In functional annotation, all assembled unigenes were searched against the NR, Swiss-Prot, KEGG, and COG databases using BLASTN (E < 10⁻⁵) to predict possible functional classifications and molecular pathways. All unigenes were annotated by BLASTX (E < 10⁻⁵) against the Arabidopsis TAIR10 peptide database (Swarbreck et al., 2008). Moreover, the conserved domains and families of the assembled unigenes encoding proteins were searched against the Pfam database (version 26.0) (http://pfam.xfam.org/) using the Pfam_Scan program (Finn et al., 2014). To obtain the final functional annotation of the unigenes, the best annotation was chosen based on the BLASTX scores (Camacho et al., 2009). If a unigene did not have annotations in any of the above-mentioned databases, Pfam annotation was assigned to the unigene. Based on the results from NR database annotation, the Blast2GO program (Conesa et al., 2005) was used to obtain GO unigene annotations. Then, WEGO software (Ye et al., 2006) was used to perform GO functional classification for all unigenes to view gene function distribution.

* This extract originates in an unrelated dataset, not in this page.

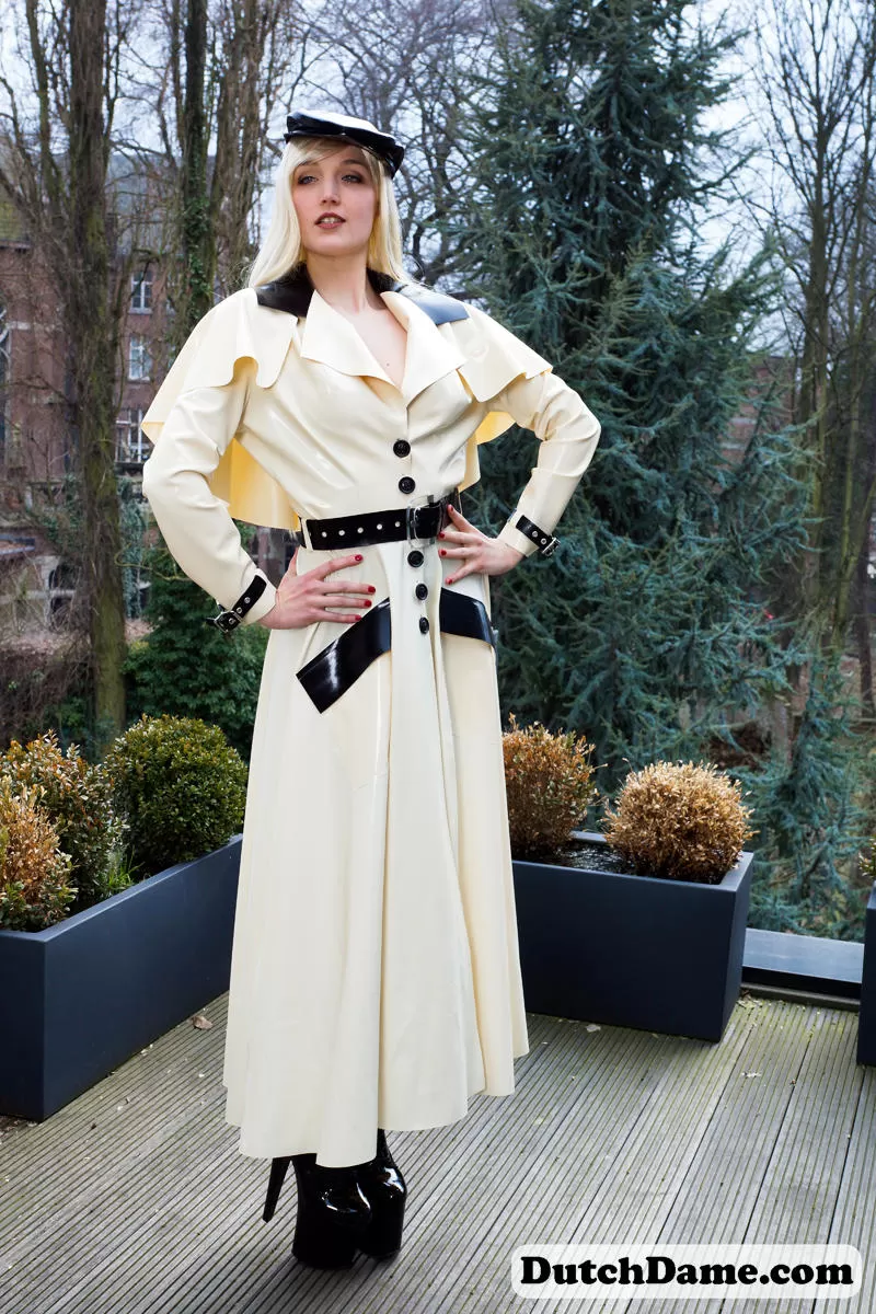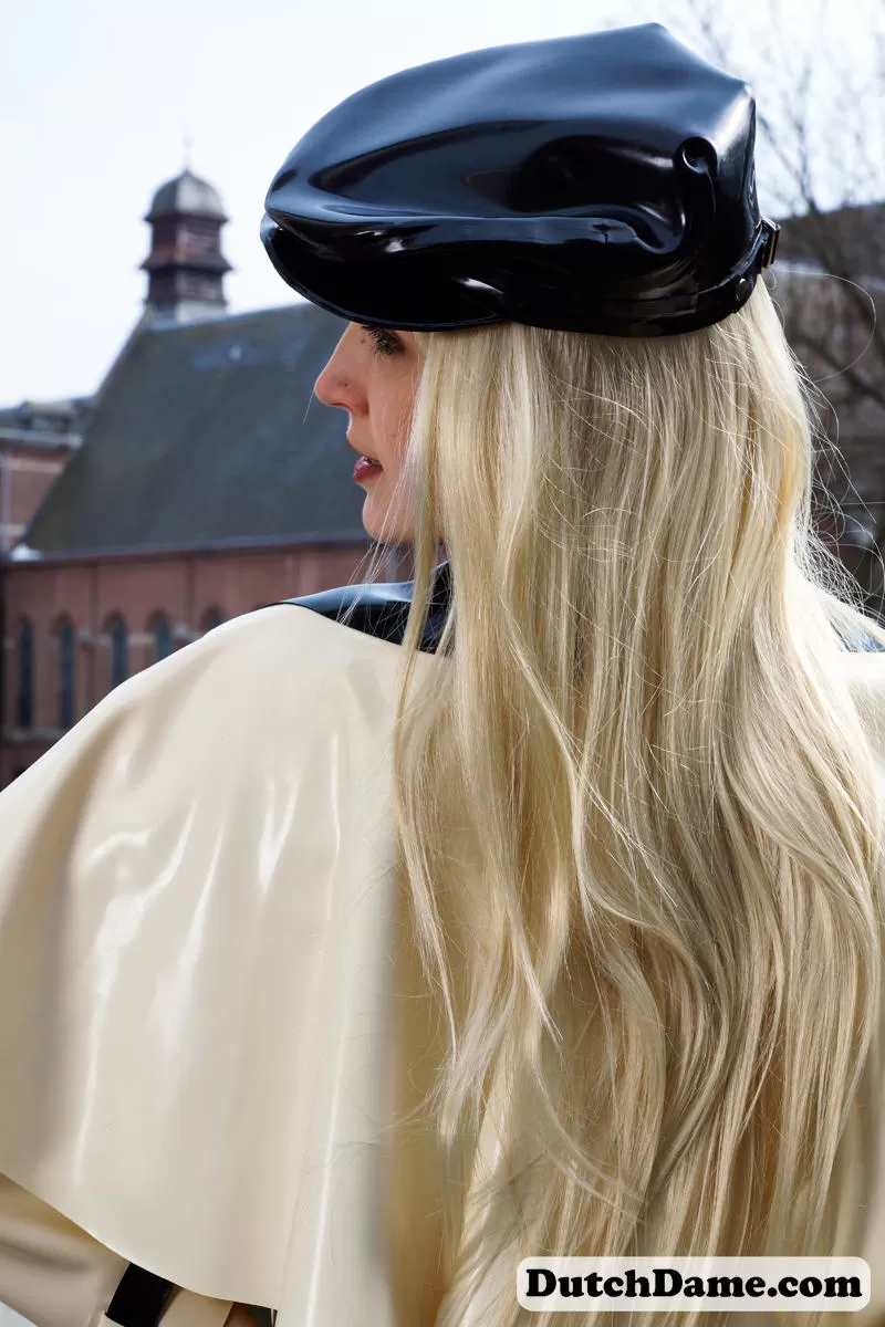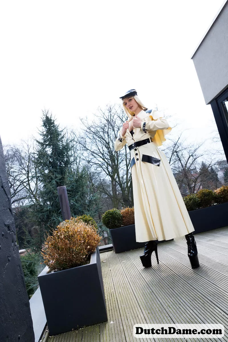 Горячая блондинка сверкает латексными подвязками, моделируя на открытом воздухе в резиновом наряде

The unigenes coding sequence (CDS) was predicted by Blastx and ESTscan. The unigene sequences were first aligned with the protein databases using BLASTX (E < 10⁻⁵) in the following order: NR, SwissProt, KEGG, and COG. Unigenes aligned to a higher priority database were not aligned to lower priority databases. The best alignment results were used to determine the unigenes sequence directions. Unigene oorientation and CDS with no hits in Blast were predicted using ESTScan (Iseli et al., 1999). To identify the transcription factors, all unigenes were searched against PlnTFDB database (Pérez-Rodríguez et al., 2010) using iTAK analysis tool (http://bioinfo.bti.cornell.edu/cgi-bin/itak/index.cgi) (Dai et al., 2013).

RT-qPCR analysis

Total RNA from tubers and leaves of P. ternata were extracted individually using Trizol Kit (Promega, USA) following the manufacturer's protocol. Subsequently, RNA was treated with 4 × gDNA wiperMix at 42°C for 2 min to remove DNA. The purified RNA (1 ug) was reverse transcribed to cDNA using HiScript QRT SuperMix for qPCR (Vazyme, Nanjing, China). The qPCR reactions were performed in a 20 μl volume composed of 2 μl of cDNA, 0.4 μl of each primer, and 10 μl 2 × SYBR Green Master mix (TaKaRa) in Roche LightCycler 2.0 system (Roche Applied Science, Branford, CT). PCR amplification was performed under the following conditions: 3 min at 94°C, followed by 45 cycles of 94°C for 20 s, 55°C for 20 s, and 72°C for 20 s. Three technical replications were performed for all quantitative PCRs. The glyceraldehyde-3-phosphate dehydrogenase (GAPDH) was chosen as reference gene control for normalization. The relative changes in gene expression levels were calculated using the 2^−ΔΔCt method (Livak and Schmittgen, 2001). The log2 value of 2^−ΔΔCt was used for representing the relative expressions of each gene. All primers used for the reverse transcription quantitative real-time PCR (RT-qPCR) assay are listed in Data Sheet 1: Table S1.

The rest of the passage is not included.